A variety of field methods were used, which included the installation of monitoring wells and piezometers, instrumentation of the piezometers with pressure transducers and temperature thermistors, and slug tests to estimate hydraulic conductivity. The potentiometric surface throughout the study site was monitored over time and the temperature thermistors were used to estimate transport using heat as a tracer. Horizontal and vertical water fluxes were calculated from the field data. Estimated results were between 3 x 10 ^-8 and 9 x 10^-6 m s^-1 for the horizontal water fluxes and between 1 x 10^-7 and 1 x 10^-5 m s^-1 for the vertical water fluxes. To better quantify the hydraulic conductivity values for water flux estimates, heat-based numerical simulations were completed. Both one- and three-dimensional numerical models were constructed to aid in the interpretation of these water fluxes and the relationship between the channel bar, streambed, and streambank. Inverse estimation of the hydraulic conductivity was completed by minimizing the difference between observed and simulated temperatures at a variety of locations. The numerical results indicated that using the heat-based hydraulic conductivity values, median vertical water flux for the channel bar (3 x 10^-7 m s^-1) was five times less than the streambed median vertical water flux of 1 x 10^-6 m s^-1. Water fluxes were predominately downward throughout the study area and the vertical flux magnitude ranged between 6 x 10^-10 to 1 x 10^-5 m s ^-1. Lateral flow patterns appeared to be significant and multi-dimensional simulations were completed. Fluid flux results estimated by the multi-dimensional simulations indicated a range between 4 x 10^-10 and 3 x 10 ^-6 m s^-1, throughout the study area. Lateral water fluxes between the channel bar and the stream were found to be an order of magnitude greater than between the streambank and the stream. Downstream channel bar fluxes were an order of magnitude greater than upstream fluxes and the stream/channel bar fluxes were at least 2 times greater than fluxes within the channel bar.

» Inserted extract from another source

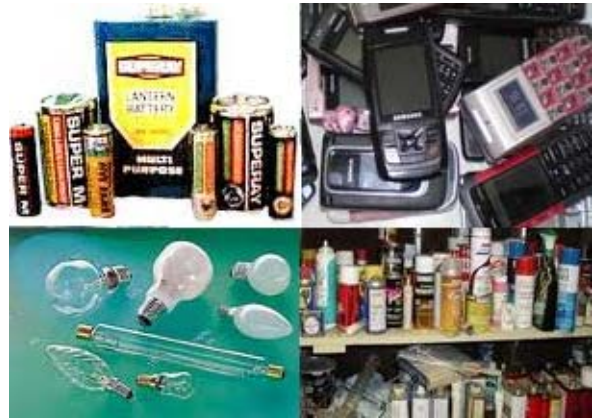
ภาพที่ 3 ขยะอันตรายหรือมูลฝอยอันตราย

3. ขยะอันตราย (hazardous waste) หรือมูลฝอยอันตราย คือ ขยะที่มีองค์ประกอบหรือปนเปื้อนวัตถุอันตรายชนิดต่างๆ ซึ่งได้แก่ วัตถุระเบิด วัตถุไวไฟ วัตถุออกซิไดซ์ วัตถุมีพิษ วัตถุที่ทำให้เกิดโรค วัตถุกัดกร่อน วัตถุที่ทำให้เกิดการเปลี่ยนแปลงทางพันธุกรรม วัตถุกัดกร่อน วัตถุที่ก่อให้เกิดการระคายเคือง วัตถุอย่างอื่นไม่ว่าจะเป็นเคมีภัณฑ์หรือสิ่งอื่นใดที่อาจทำให้เกิดอันตรายแก่บุคคล สัตว์ พืช ทรัพย์สิน หรือสิ่งแวดล้อม เช่น ถ่านไฟฉาย หลอดฟลูออเรสเซนต์ แบตเตอรี่โทรศัพท์เคลื่อนที่ ภาชนะบรรจุสารกำจัดศัตรูพืช กระป๋องสเปรย์บรรจุสีหรือสารเคมี เป็นต้น (ภาพที่ 3) ขยะอันตรายนี้เป็นขยะที่มักจะพบได้น้อยที่สุด กล่าวคือ พบเพียงประมาณร้อยละ 3 ของปริมาณขยะทั้งหมดในกองขยะ

This research provided the channel bar, streambed, and streambank hydraulic physical framework to form a foundation for assessing critical water quality issues, such as biogeochemical interpretation of stream exchanges with sediment in a channel bar environment. Many biogeochemical interactions occur in the near stream region affected by these interactions. The results suggested that the impact of this channel bar increased local exchange six times relative to vertical streambed exchange during the study period. It was suggested that without the increased groundwater and stream exchange of the channel bar, near stream biogeochemical reactions, vegetation, and habitat structure would be severely impacted.